**TASK ITEM**
An exact copy is needed of the lines from the one that contains "Δημοτικής Βιβλιοθήκης Πτολεμαΐδας." through the final line of the data below, with pictures left out.

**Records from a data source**
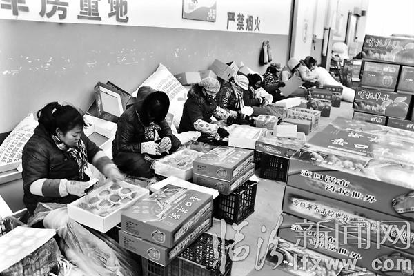 臨汾新聞網訊 近日,吉縣聚寶壺果業(yè)公司工作人員將氣調庫里的蘋果貼標、裝箱,銷往南方。該公司有蘋果氣調冷藏庫16個,年貯存蘋果8000噸,服務農戶1000余戶,銷售旺季日均用工達100余人,帶動了一方農民增收。
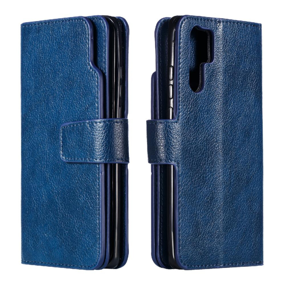 (Blue) Case For Huawei P30 Pro Kickstand Magnetic Wallet PU Leather 9 Card Slots
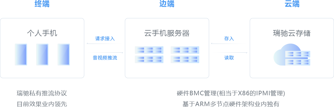 瑞馳云手機(jī)通過(guò)自研的陣列式服務(wù)器在云端建立的安全云手機(jī)系統(tǒng),用戶(hù)使用自己終端通過(guò)網(wǎng)絡(luò)進(jìn)入云手機(jī)后,相當(dāng)擁有了一部全新的手機(jī),不占用本地個(gè)人終端資源,云手機(jī)安全推流到個(gè)人終端顯示業(yè)務(wù),數(shù)據(jù)不落地,不留痕。
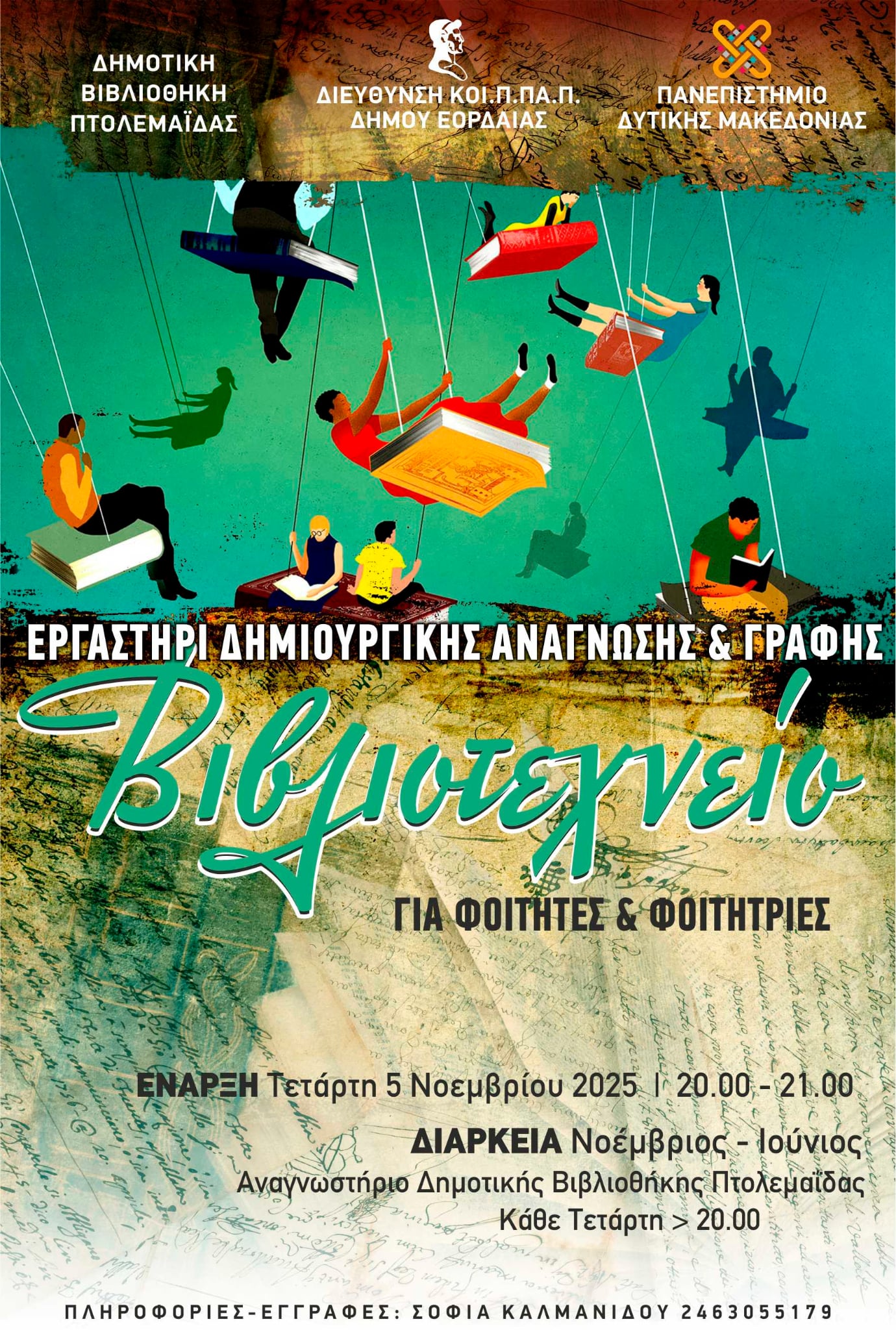 📅 Οι συναντήσεις θα πραγματοποιούνται κάθε δεύτερη Τετάρτη, από 20:00 έως 21:00, στο Αναγνωστήριο της Δημοτικής Βιβλιοθήκης Πτολεμαΐδας.
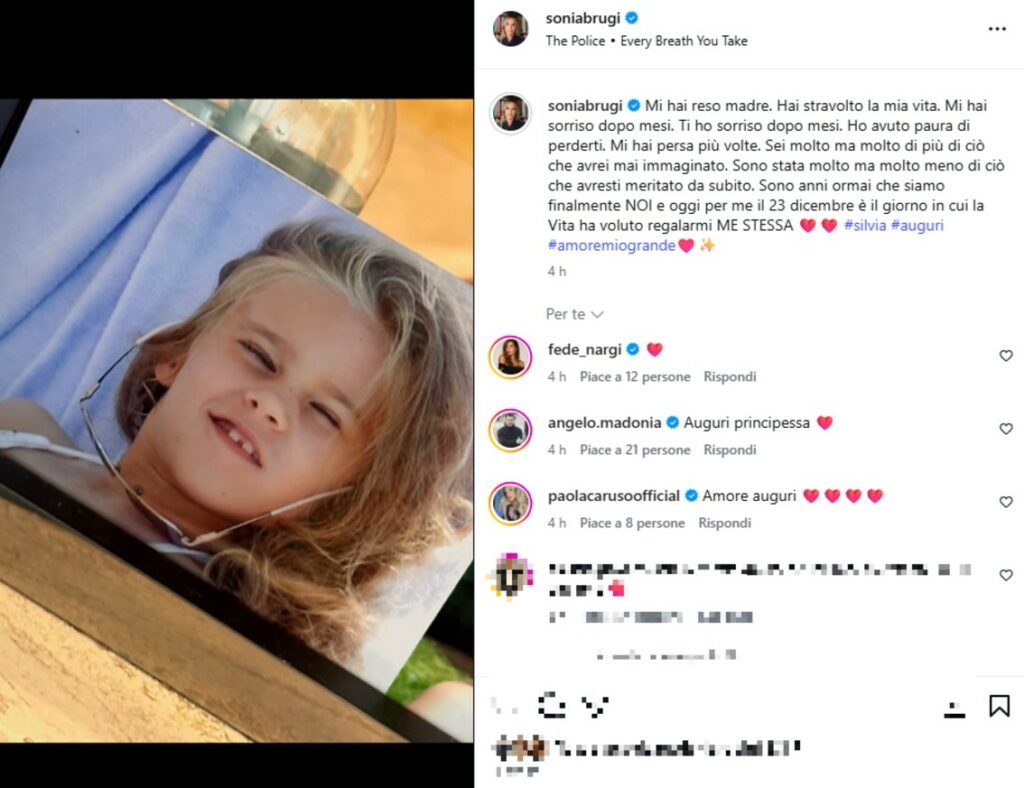 ''Mi hai reso madre. Hai stravolto la mia vita. Mi hai sorriso dopo mesi. Ti ho sorriso dopo mesi. Ho avuto paura di perderti. Mi hai persa più volte. Sei molto ma molto di più di ciò che avrei mai immaginato. Sono stata molto ma molto meno di ciò che avresti meritato da subito. Sono anni ormai che siamo finalmente NOI e oggi per me il 23 dicembre è il giorno in cui la Vita ha voluto regalarmi ME STESSA''.

**TASK ANSWER**
 📅 Οι συναντήσεις θα πραγματοποιούνται κάθε δεύτερη Τετάρτη, από 20:00 έως 21:00, στο Αναγνωστήριο της Δημοτικής Βιβλιοθήκης Πτολεμαΐδας.
 ''Mi hai reso madre. Hai stravolto la mia vita. Mi hai sorriso dopo mesi. Ti ho sorriso dopo mesi. Ho avuto paura di perderti. Mi hai persa più volte. Sei molto ma molto di più di ciò che avrei mai immaginato. Sono stata molto ma molto meno di ciò che avresti meritato da subito. Sono anni ormai che siamo finalmente NOI e oggi per me il 23 dicembre è il giorno in cui la Vita ha voluto regalarmi ME STESSA''.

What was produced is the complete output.